# Martial Arts and Music



## Transk53 (Mar 26, 2015)

While kicking back and chilling to some sounds, one thing occurred to me about what choonage would I listen to, if I were going through a shadow routine for example. Now my intent for this thread is not too list favourite choons, more the genre or general type of music. Now for some like capoeira I understand there is tradition involved, but what about your particular arts. Is there music that would be intertwined at a level that moulds? Or maybe something that fits a rythem of sorts. You practice with musical rhythm perhaps.


----------



## Dirty Dog (Mar 26, 2015)

There can be only one choice...


----------



## moonhill99 (Mar 26, 2015)

If you gone to a dance class it is normally pop music or dance music. So I would think most martial arts schools would have pop music or dance music.

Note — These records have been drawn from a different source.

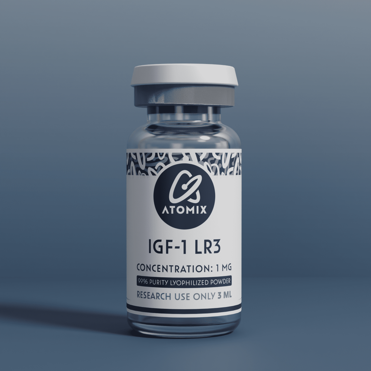 IGF-1 LR3 is a potent synthetic analog of insulin-like growth factor 1, featuring an arginine substitution at position three and an additional 13 amino acids at the N-terminus. These modifications make it significantly more potent and longer-lasting than native IGF-1, enhancing its effectiveness in stimulating cell growth, muscle repair, and metabolic activity. Researchers use IGF-1 LR3 in studies of tissue regeneration, lean mass development, fat metabolism, and endocrine signaling. Atomix Research supplies it in high purity, ensuring consistent and reliable performance in advanced laboratory settings.
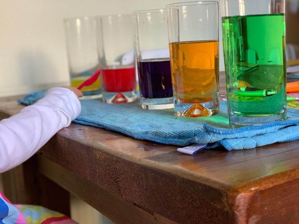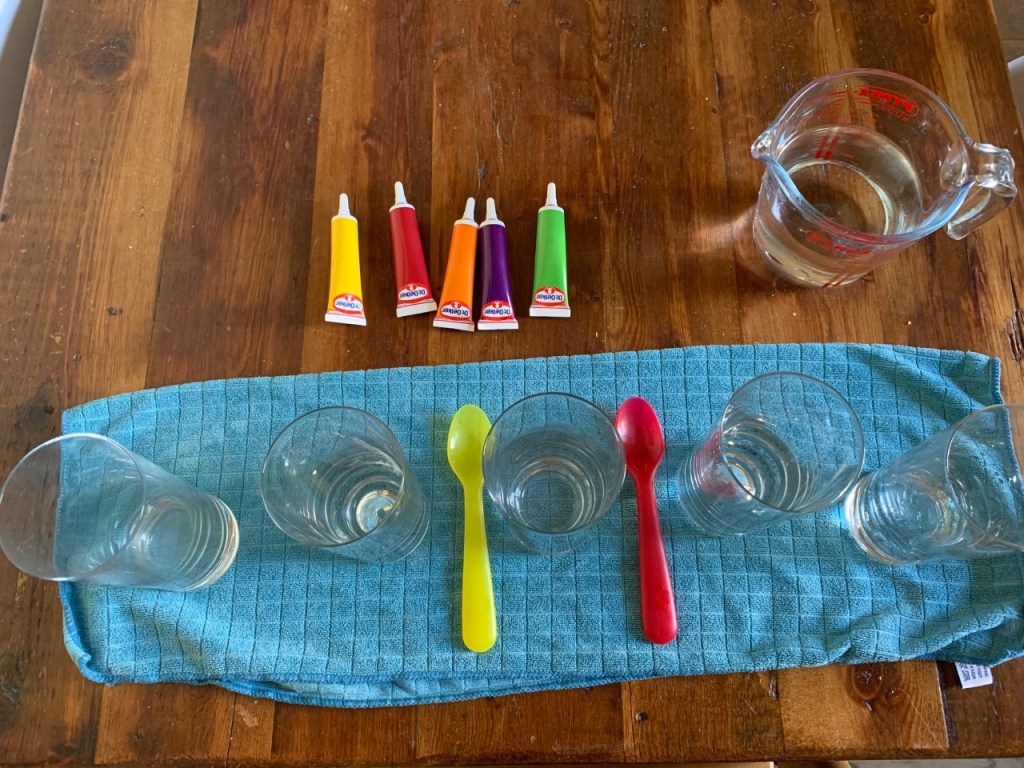 - You will need: tall drinking glasses, food colouring, water, a container to pour water and spoons for mixing.
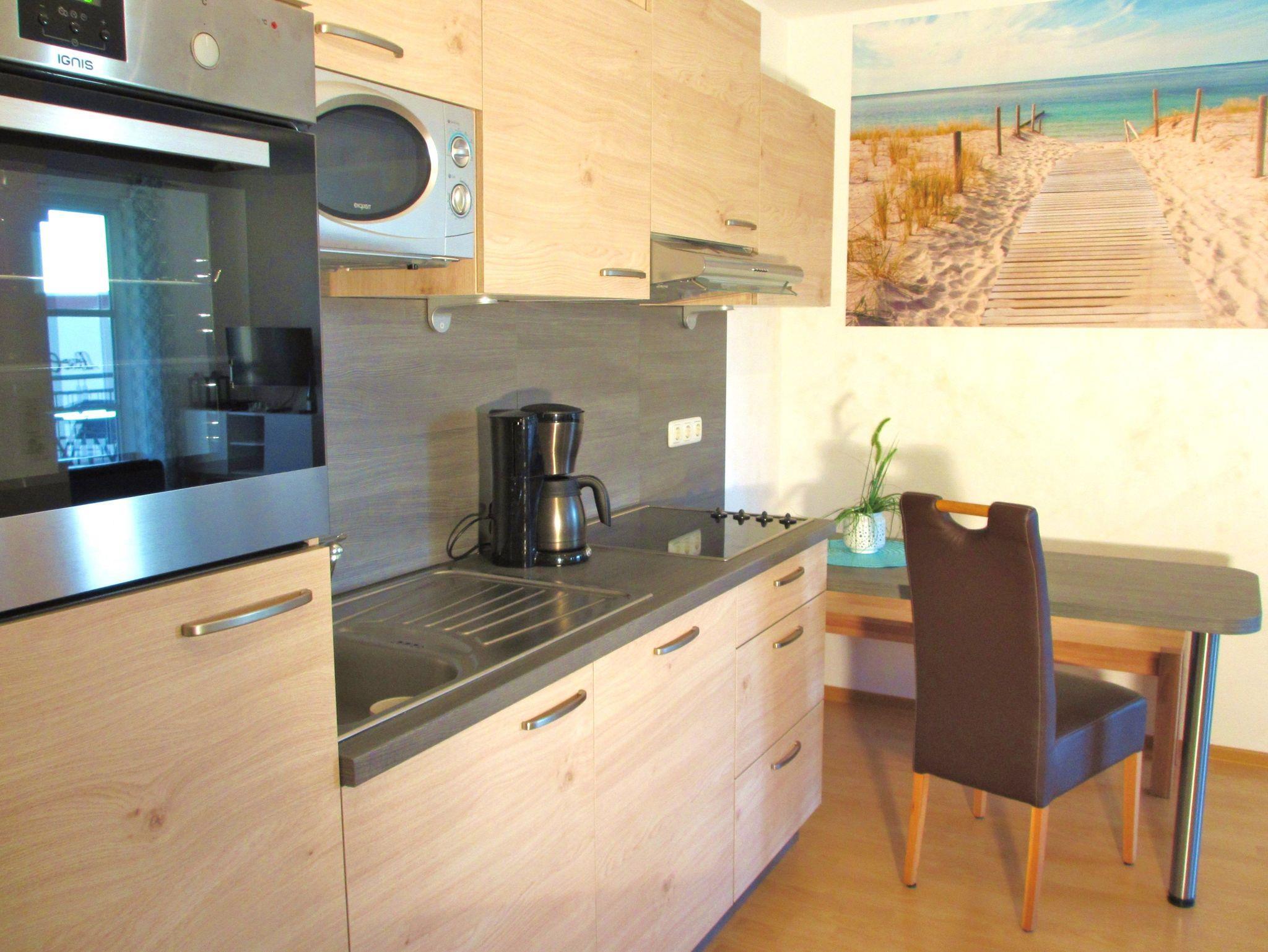 Neue moderne Küche und Esstisch mit 3 Stühlen und Sitzbank. Badezimmer mit Dusche und Föhn.

It is easier to work out with pop music or dance music.


----------



## Transk53 (Mar 26, 2015)

moonhill99 said:


> If you gone to a dance class it is normally pop music or dance music. So I would think most martial arts schools would have pop music or dance music.
> 
> It is easier to work out with pop music or dance music.



In a way.


----------



## drop bear (Mar 26, 2015)

Capo is interesting because it is live music and is designed to influence the fight. Even to the point where the songs themselves dictate the style of fighting.


----------



## Xue Sheng (Mar 27, 2015)

Dirty Dog said:


> There can be only one choice...



ABSOLUTLY 

My first sifu was having his class do a stage performance of Shaolin Long Fist and I was watching from the side of the stage and all of a sudden I here this music (starts at 1:07)

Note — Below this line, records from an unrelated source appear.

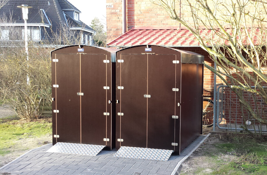 Für lange Elektro-Rollstühle ist die rollabo XXL die ideale Aufbewahrungslösung. Die wertvollen Geräte können unbesorgt in der Minigarage zurückgelassen werden – auf Wunsch mit Stromanschluss in der Box.
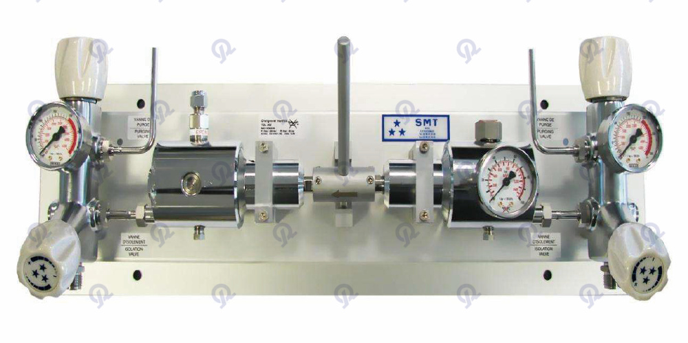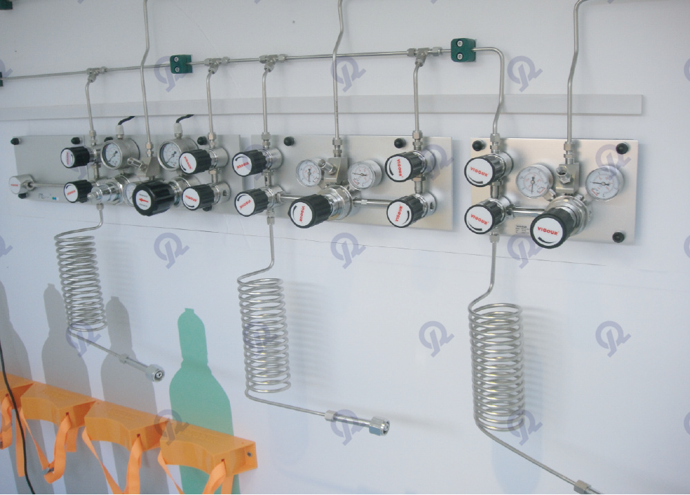 3、終端部分:儀器前配置截止閥和二級(jí)減壓器等,可以制作氣路的開(kāi)關(guān),精確調(diào)整和顯示氣體壓力。
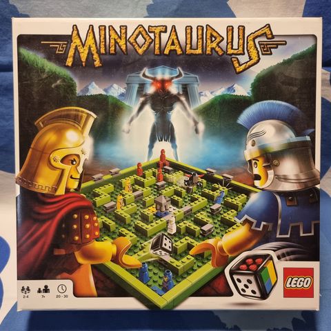 LEGO Minotaurus lautapeli, malli 3841. Sisältää pelilaudan, nopan ja pelinappulat. Pelissä pelaajat liikkuvat labyrintissä pyrkien välttämään minotaurusta. Sopii useammalle pelaajalle.
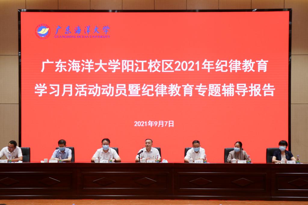 9月7日上午,按照学校党委统一部署,阳江校区党委在阳江校区海纳楼一楼报告厅组织召开阳江校区2021年纪律教育学习月活动动员暨纪律教育专题辅导报告会,校区全体干部教师参加。学校党委常委、副校长、校区党委书记、管委会主任宁凌出席并作动员讲话暨专题辅导报告。校区党委副书记、管委会常务副主任洪鹏志主持会议并讲话。校区党委委员、纪委书记毛琪对阳江校区2021年纪律教育学习月活动作了具体安排。
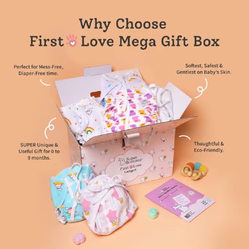 HomeBabyDiaperingCloth DiapersSuperBottoms First Love Mega Gift Box | Softest, Breathable & Gentlest langots for your baby | Baby shower gift pack | No Mess Langots for Newborns between 0 to 9 months | Pack of 31 (Size: Small)
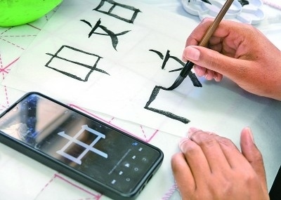 英國倫敦,一名學(xué)生在2023年“國際中文日”英國主題活動上展示自己的書法。新華社發(fā)
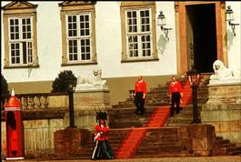 North of Copenhagen,Fredensborg Royal Palace.Red Carpet for Royal Family visit.
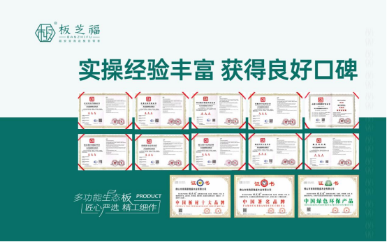 作为板材行业中的民族领军品牌,板芝福坚持对产品安全及产品质量高标准要求,用匠心打造品质,提高质量供给水平,引领放心消费。经过十余年的不懈努力,板芝福通过ISO9001质量体系认证、ISO14001环境体系认证、EPA认证、CARB 认证、FSC 认证。公司建有自己的质监系统及检测中心,严格控制产品质量。板芝福立足环保,以维护消费者健康利益为己任,产品通过中国绿色环保产品认证,已达到并优于国家标准。
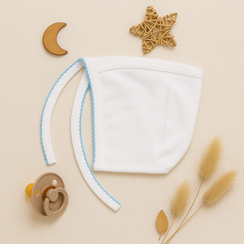لبههای آبی دوختهشده، جلوهای خاص و جذاب به این کلاه میدهند و آن را به گزینهای مناسب برای استایل روزمره و حتی عکاسی نوزاد تبدیل کردهاند. این کلاه سبک، تنفسپذیر و ضدحساسیت بوده و برای پوست لطیف نوزاد کاملاً ایمن و مناسب است.

It was a darn good thing I was not on stage because I lost it. I had to walk away so no one in the audience could hear me laughing


----------



## Transk53 (Mar 27, 2015)

drop bear said:


> Capo is interesting because it is live music and is designed to influence the fight. Even to the point where the songs themselves dictate the style of fighting.



Only heard music on tape. I imagine live it would awesome.


----------



## oftheherd1 (Mar 27, 2015)

I once saw Jhoon Rhee have two of his young black belts (brothers as it turned out) perform a long kata to classical music.  His introduction inclined me to believe that was part of his way of teaching at that point.  That was about 25 years ago.  I don't know if his schools still do that or not.


----------



## drop bear (Mar 27, 2015)

Transk53 said:


> Only heard music on tape. I imagine live it would awesome.



Live you are singing it. Which raises the energy of the room.


----------



## granfire (Mar 30, 2015)

I did a free style to Evansence once. 

I had been looking at classical stuff as well, but it didn't mesh for me. And believe me, I got classical stuff in the collection. 'Going Under' was a better fit.

The school did a demo, having four of the black belts perform one of the forms to 'Paradise City', standing with their backs to each other in the beginning. It was a good steal from somebody's demo, and looked pretty sharp!

I am not familiar with Capoera, past what I have seen in the movies. 
I suppose the music reflects (or ought to) what you want to accomplish with the the exercise.


----------



## Transk53 (Mar 30, 2015)

granfire said:


> I did a free style to Evansence once.
> 
> I had been looking at classical stuff as well, but it didn't mesh for me. And believe me, I got classical stuff in the collection. 'Going Under' was a better fit.
> 
> ...




Talking of the demo you mention. Not sure if it was GnR, but did see a demo of Karate to a rock song. I'll see if I can find it later. I did come across a Yoga fella who uses chill out stuff for the routines. Guess it helps with the heartbeat and breathing as a stimulus.


----------



## K-man (Mar 31, 2015)

My contribution.


----------



## jezr74 (Mar 31, 2015)

I use the bag\lifts mainly to Linkin Park, Prodigy, Gorillaz, sometimes Aphex Twin that style of music. If I put anything too housey on I find I spend more time ducking and stepping, punching to the beat rather than training.


----------



## Transk53 (Mar 31, 2015)

K-man said:


> My contribution.



Cool moves dude.


----------



## Transk53 (Mar 31, 2015)

jezr74 said:


> I use the bag\lifts mainly to Linkin Park, Prodigy, Gorillaz, sometimes Aphex Twin that style of music. If I put anything too housey on I find I spend more time ducking and stepping, punching to the beat rather than training.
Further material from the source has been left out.